Parkside has developed a complete PET tray and lid option for Quorn, a meat substitute brand, comprising a clear, shallow tray and heat-seal lidding film laminate that has built-in reclose technology suitable for sealing to APET trays.
The new pack reclose feature supports consumers’ efforts to reduce food waste in the home by retaining moisture within the pack and preventing the product from drying out after opening. Consumers do not need to use additional plastic, such as cling film, to protect the food once opened.
The design also delivers improved barrier performance to keep the packed product fresher for longer, as well as a single polymer design ideal for consumer recycling.
Alex Glen, marketing director at Quorn, said: ‘As a company, we pride ourselves on being innovators and industry leaders in the meat substitute product category. This is our first venture into reclosable packaging for our customers and with the clear trend towards vegan and vegetarian products expanding our business in 2019, it is exciting to be adding further value to our product range by improving our packaging too.
‘We work hard to understand our consumers’ needs and by developing this pack with Parkside, we know that being able to open and reclose packs for longer lasting enjoyment delivers greater convenience and reduces food waste in the home.’
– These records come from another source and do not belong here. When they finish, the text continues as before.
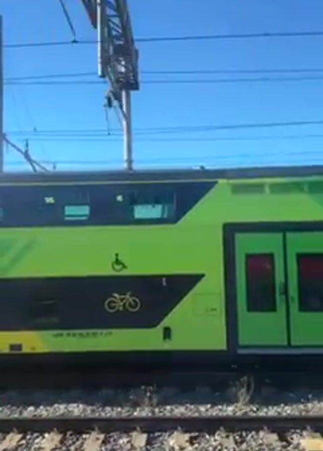 green and black double-decker train car with symbols indicating bicycle and wheelchair accessibility. The train is passing by on a track with overhead power lines against a clear blue sky. The camera appears to be inside another train or moving vehicle parallel to the green train. A voice is briefly heard in the background.
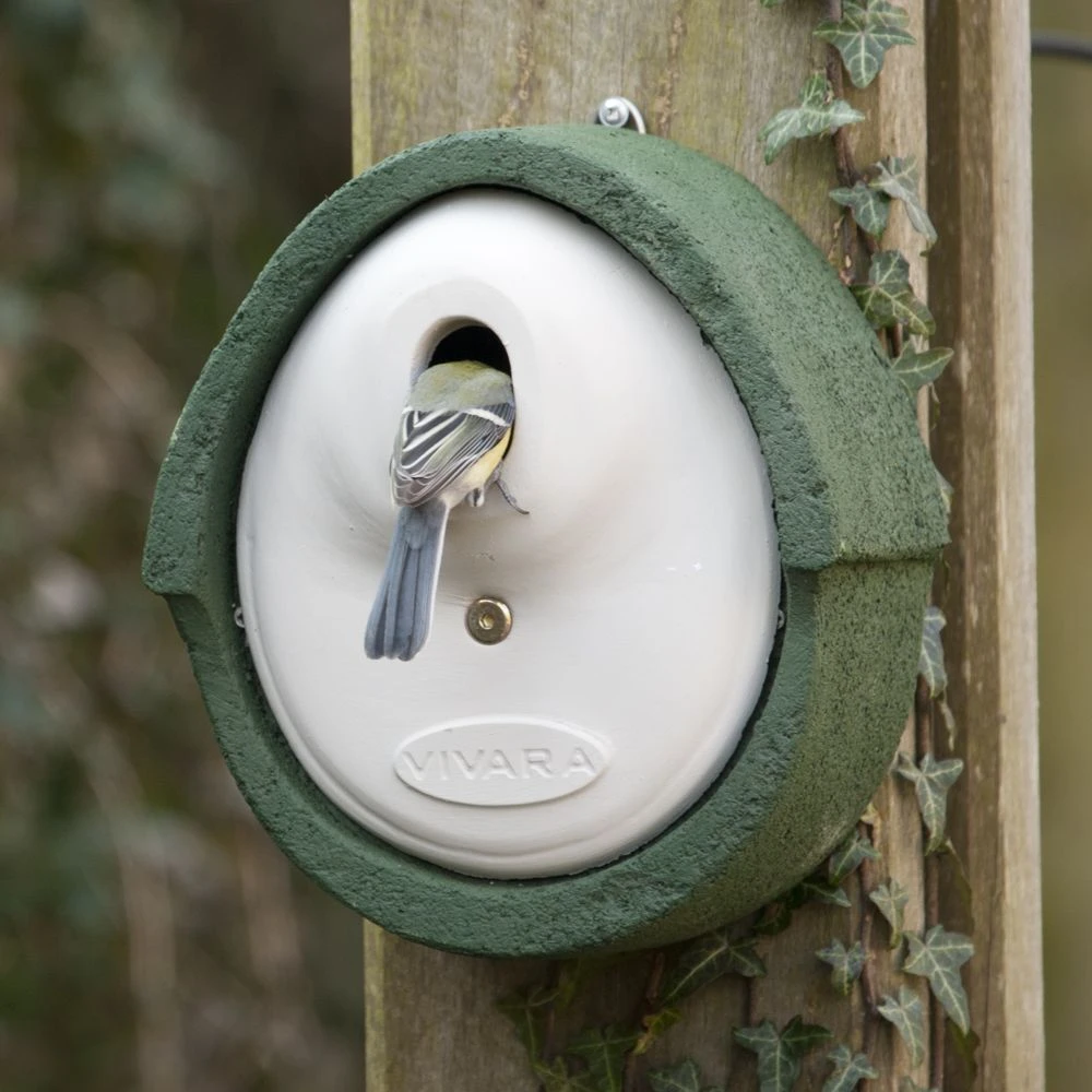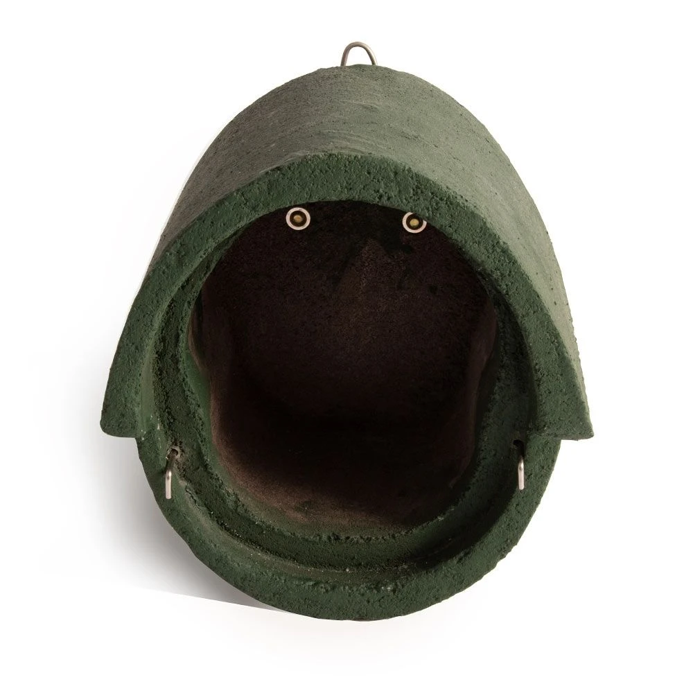 Die ovale Einflugöffnung eignet sich besonders für Meisen, Sperlinge, Kleiber sowie Trauerschnäpper und Rotschwanz. Der Kasten ist mit einem Marderschutz ausgestattet und besteht aus WoodStone bzw. Holzbeton, einer speziellen Mischung aus Beton und Holzfasern, welche besonders isoliert und atmungsaktiv ist. In den Wintermonaten schützt das Material gegen Kälte, im Sommer verhindert es Überhitzung. Die konstante Temperatur im Kasten erhöht zudem die Überlebenschancen der Jungvögel erheblich.
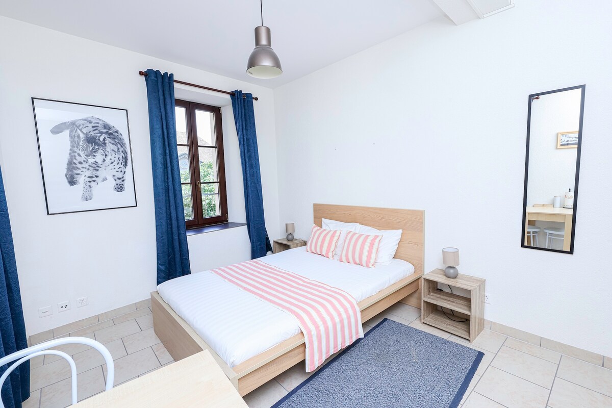Beautiful room in my cozy apartment in Vevey, close to Lake Geneva. The apartment is bright, well located, with an equipped kitchen, a shared bathroom and a nice little living area for reading or chilling.
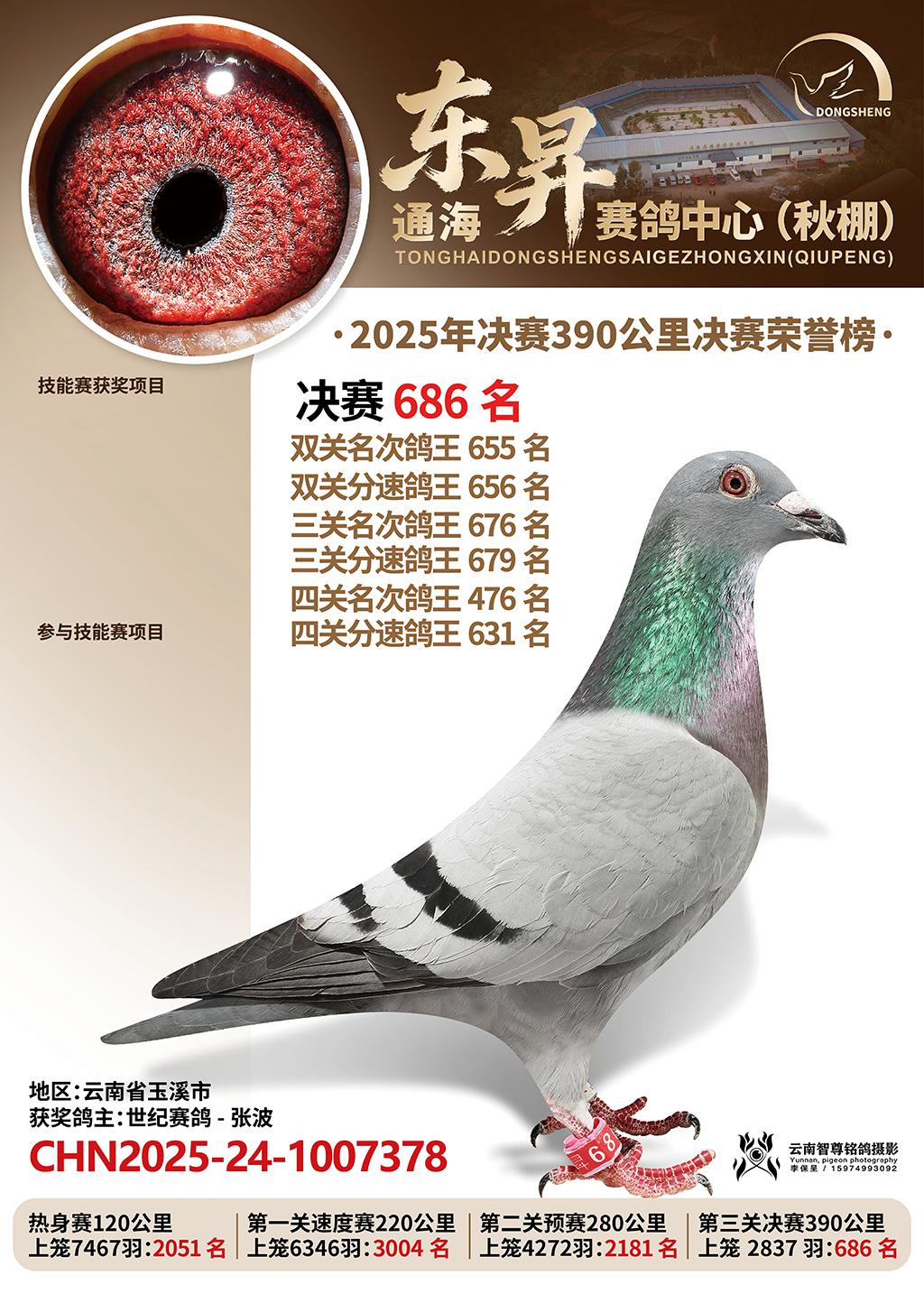 通海东昇赛鸽中心2025决赛686名世纪赛鸽-张波CHN2025-24-1007378云南省玉溪市获奖鸽展示!
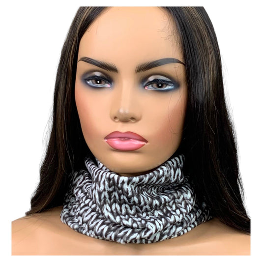 Black and White Knit Print Wide Scrunch Headband
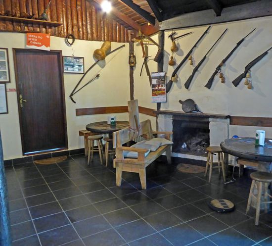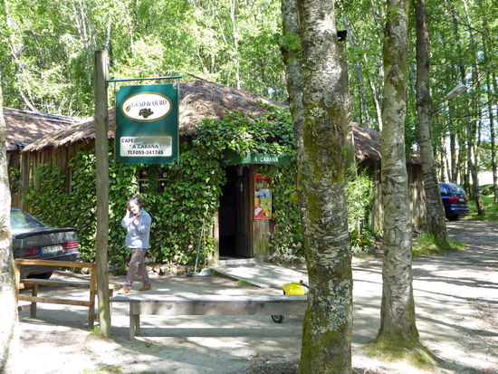 Bald kommen wir zu einer kleinen Waldhütte – A Cabana, die verwunschen ausschaut. Innen ist die Hütte mit allerlei Waffen, Gewehre, Pfeil und Bogen etc., geschmückt. Wir genehmigen uns ein Eis. Wir sind die einzigen Gäste. Auch auf der Straße sind uns heute keine Autos begegnet. Es scheint, als seien wir hier allein unterwegs.
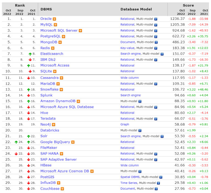 사이트 주소: https://db-engines.com/en/ranking
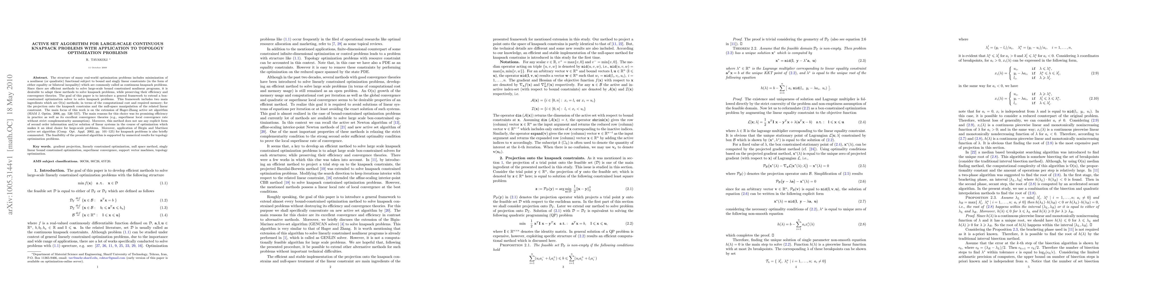 This paper introduces an efficient active set algorithm to solve large-scale continuous knapsack problems, focusing on extending the Hager-Zhang method. It highlights the algorithm's O(n) computational cost and memory requirements, and demonstrates its application to topology optimization problems through numerical results.

Mark Shaw, new product development manager at Parkside, said: ‘The move to a heat seal laminate has enabled Quorn to move to a complete PET solution, boosting the recyclability of the pack, whilst the novel reclose technology creates an easy open and close feature to aid consumer convenience. As a company, this was a great project for us to be involved in. Quorn is an industry leading household name and we are incredibly proud of our collaboration. Rolling out to retailers in spring 2019, the design meets two target consumer trends in terms of sustainability and convenience, which are often not achieved in a single design.’